* [EXERCISE INSTRUCTIONS]: With the pictures omitted, repeat exactly the lines below starting with the line that has "Skiva i plywood" and going on through the line that has "Title: | Examining".

** AVAILABLE DATA follows **

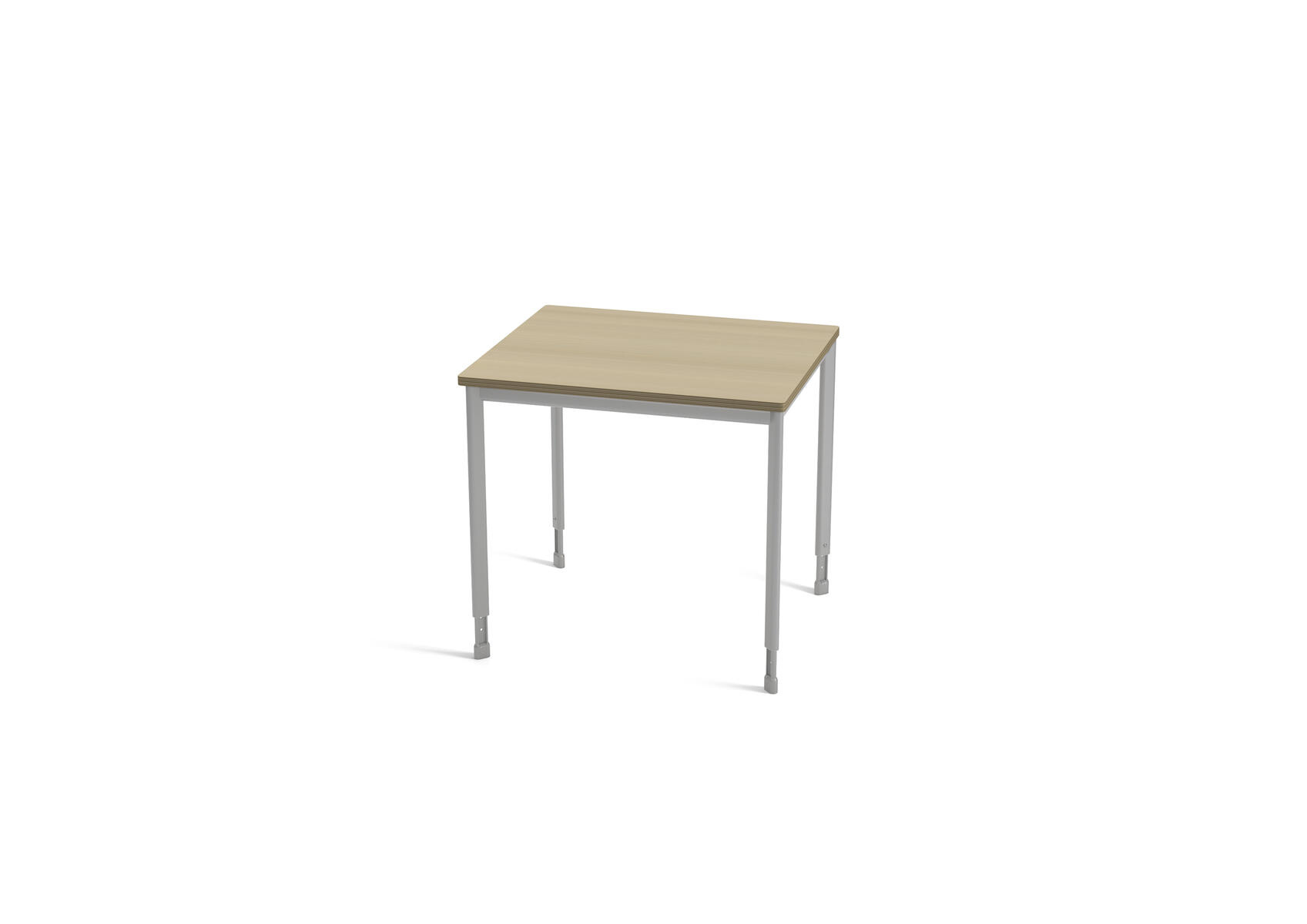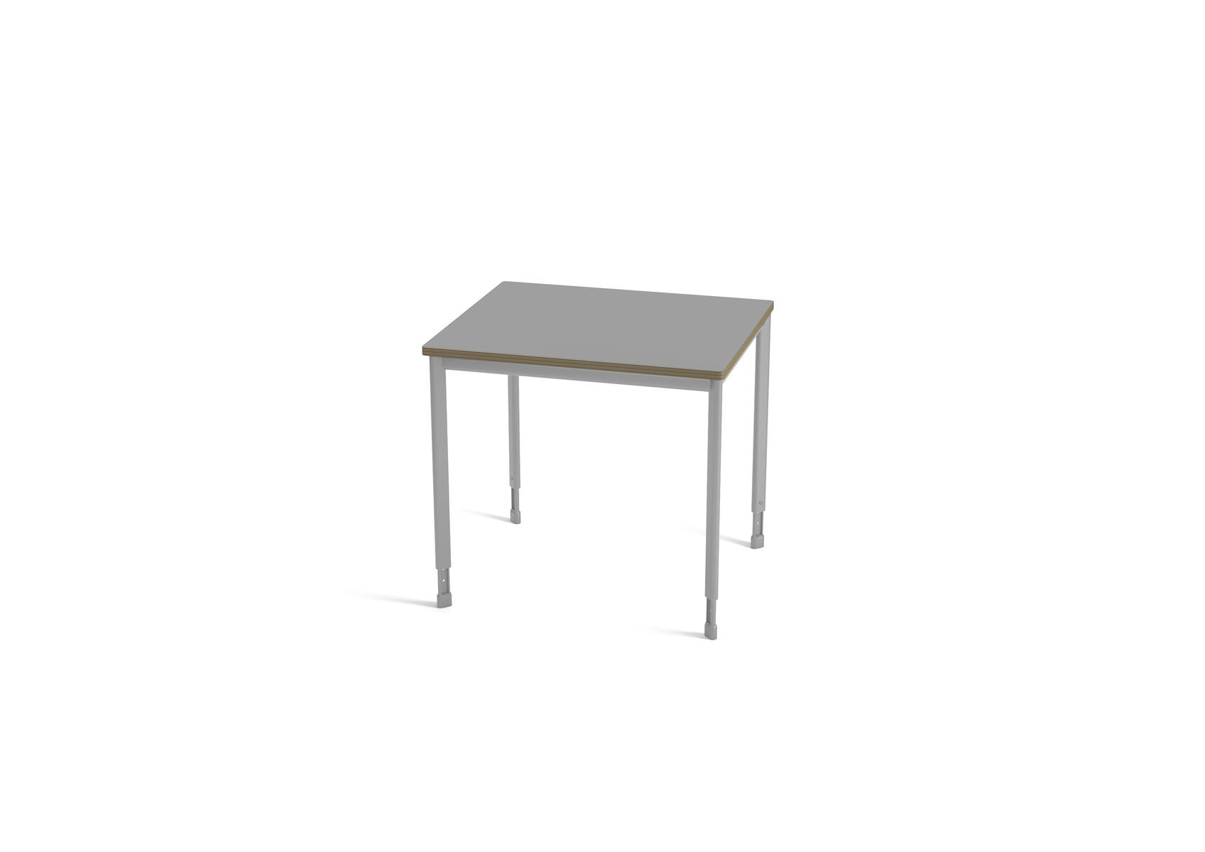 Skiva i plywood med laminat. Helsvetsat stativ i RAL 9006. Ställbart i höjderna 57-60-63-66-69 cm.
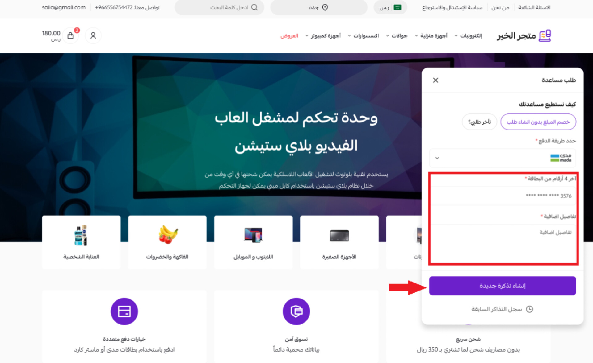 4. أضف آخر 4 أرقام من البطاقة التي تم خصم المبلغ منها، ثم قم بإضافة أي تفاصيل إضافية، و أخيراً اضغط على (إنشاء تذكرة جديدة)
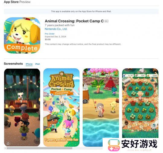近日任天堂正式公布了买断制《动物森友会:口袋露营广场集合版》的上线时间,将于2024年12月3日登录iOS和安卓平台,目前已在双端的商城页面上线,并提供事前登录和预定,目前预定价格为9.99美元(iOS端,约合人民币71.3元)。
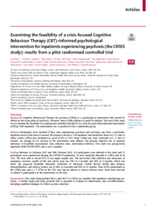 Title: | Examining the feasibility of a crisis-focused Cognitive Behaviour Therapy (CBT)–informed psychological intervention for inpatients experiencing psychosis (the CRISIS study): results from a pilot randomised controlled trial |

** End of AVAILABLE DATA **
** AVAILABLE DATA follows **

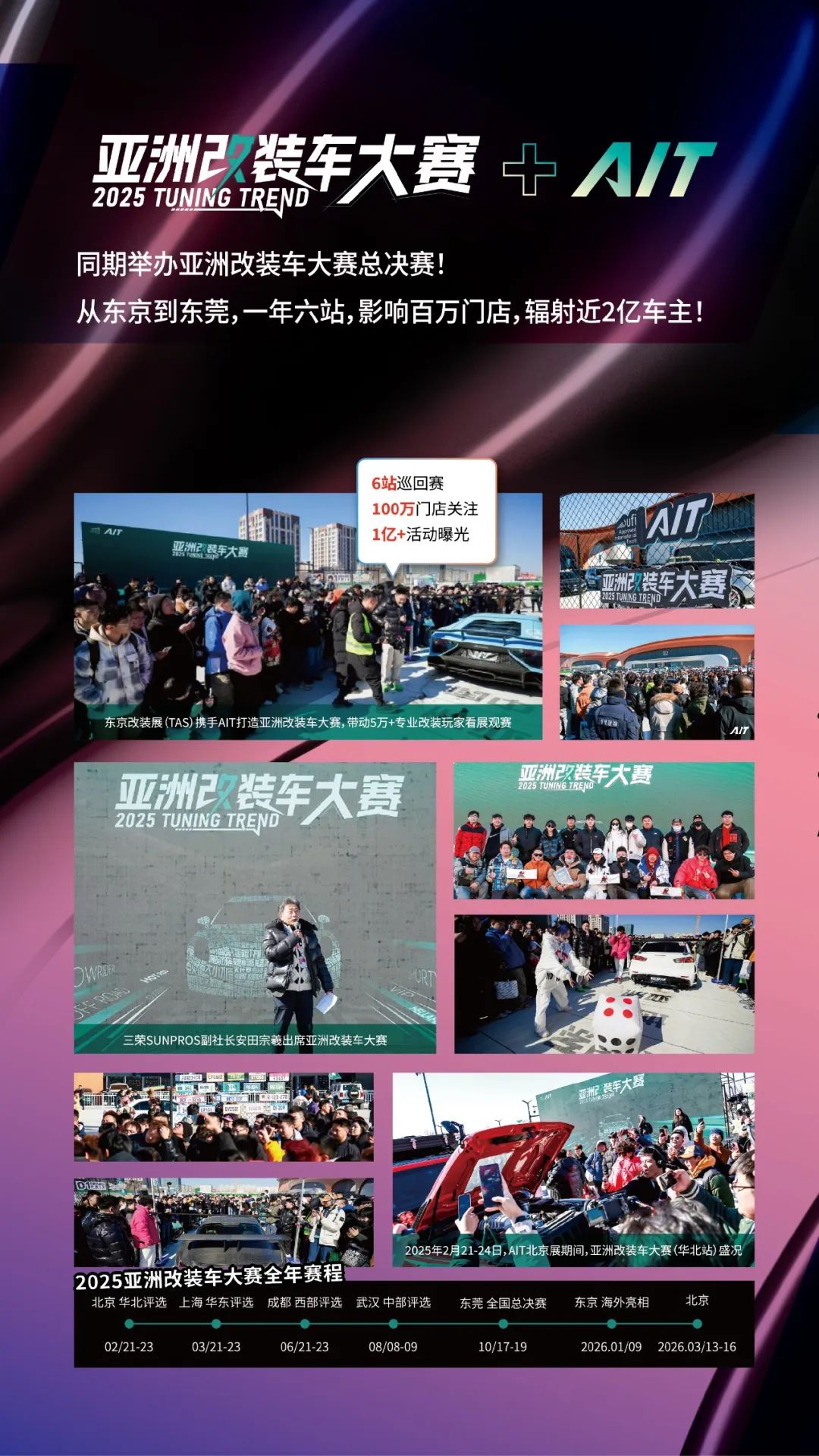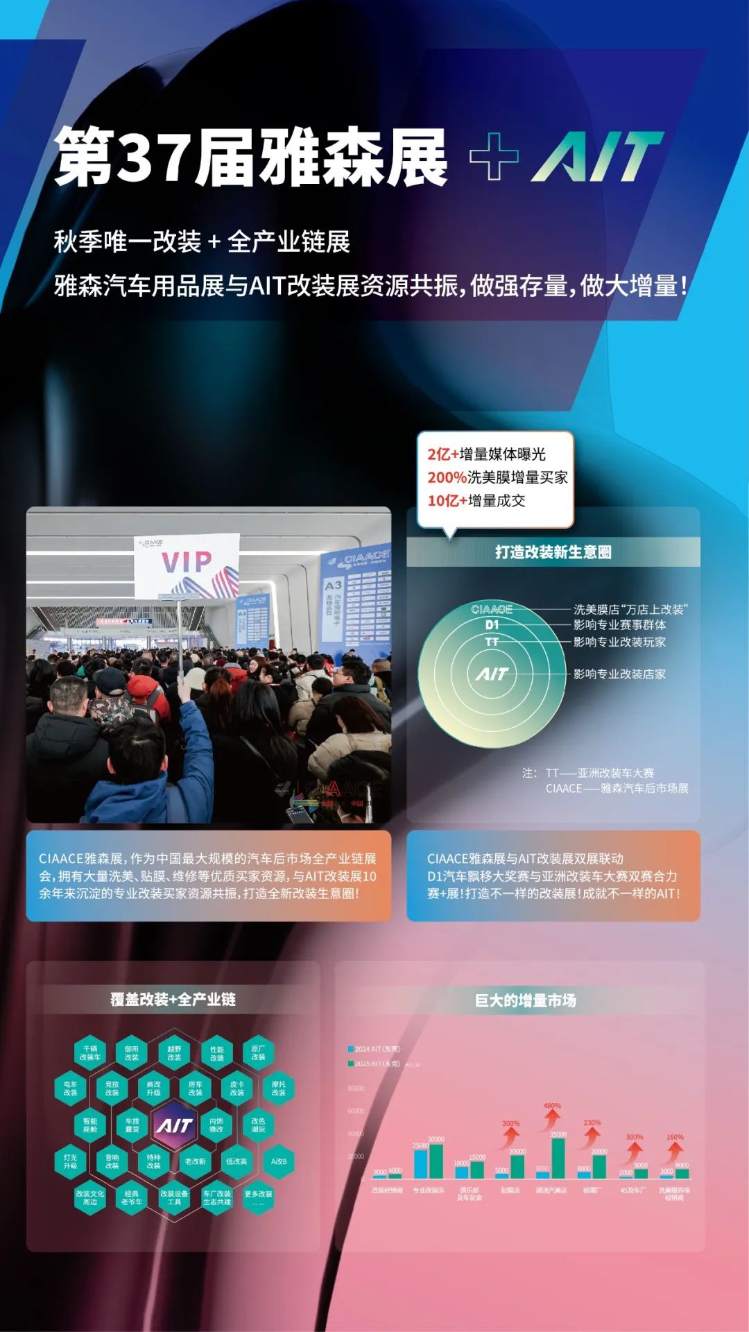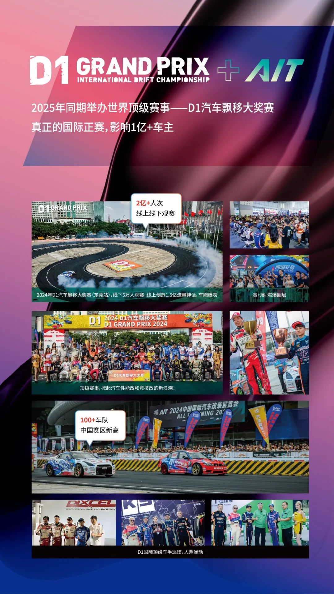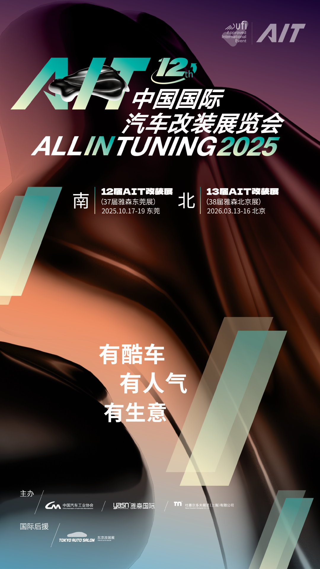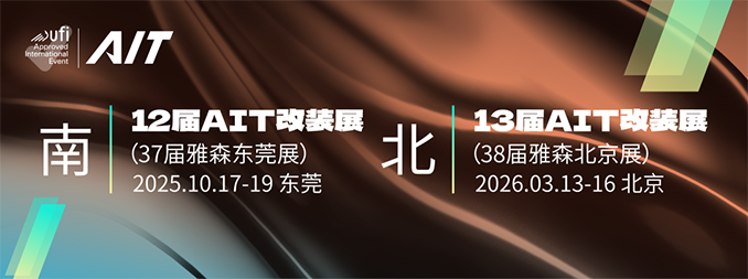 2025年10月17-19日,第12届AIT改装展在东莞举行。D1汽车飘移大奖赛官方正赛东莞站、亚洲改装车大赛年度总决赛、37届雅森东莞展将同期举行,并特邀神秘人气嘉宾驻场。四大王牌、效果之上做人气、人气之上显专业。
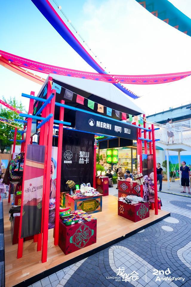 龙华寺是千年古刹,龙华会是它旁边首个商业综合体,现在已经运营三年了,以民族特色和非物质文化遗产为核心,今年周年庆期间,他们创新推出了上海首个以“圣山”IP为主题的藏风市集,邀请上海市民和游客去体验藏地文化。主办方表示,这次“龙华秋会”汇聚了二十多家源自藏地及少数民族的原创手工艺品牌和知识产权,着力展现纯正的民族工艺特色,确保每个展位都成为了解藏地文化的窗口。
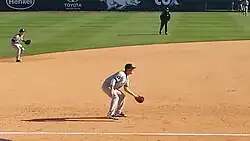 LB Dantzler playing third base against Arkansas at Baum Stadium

** End of AVAILABLE DATA **

* [THE ANSWER]:
 Skiva i plywood med laminat. Helsvetsat stativ i RAL 9006. Ställbart i höjderna 57-60-63-66-69 cm.
 4. أضف آخر 4 أرقام من البطاقة التي تم خصم المبلغ منها، ثم قم بإضافة أي تفاصيل إضافية، و أخيراً اضغط على (إنشاء تذكرة جديدة)
近日任天堂正式公布了买断制《动物森友会:口袋露营广场集合版》的上线时间,将于2024年12月3日登录iOS和安卓平台,目前已在双端的商城页面上线,并提供事前登录和预定,目前预定价格为9.99美元(iOS端,约合人民币71.3元)。
 Title: | Examining the feasibility of a crisis-focused Cognitive Behaviour Therapy (CBT)–informed psychological intervention for inpatients experiencing psychosis (the CRISIS study): results from a pilot randomised controlled trial |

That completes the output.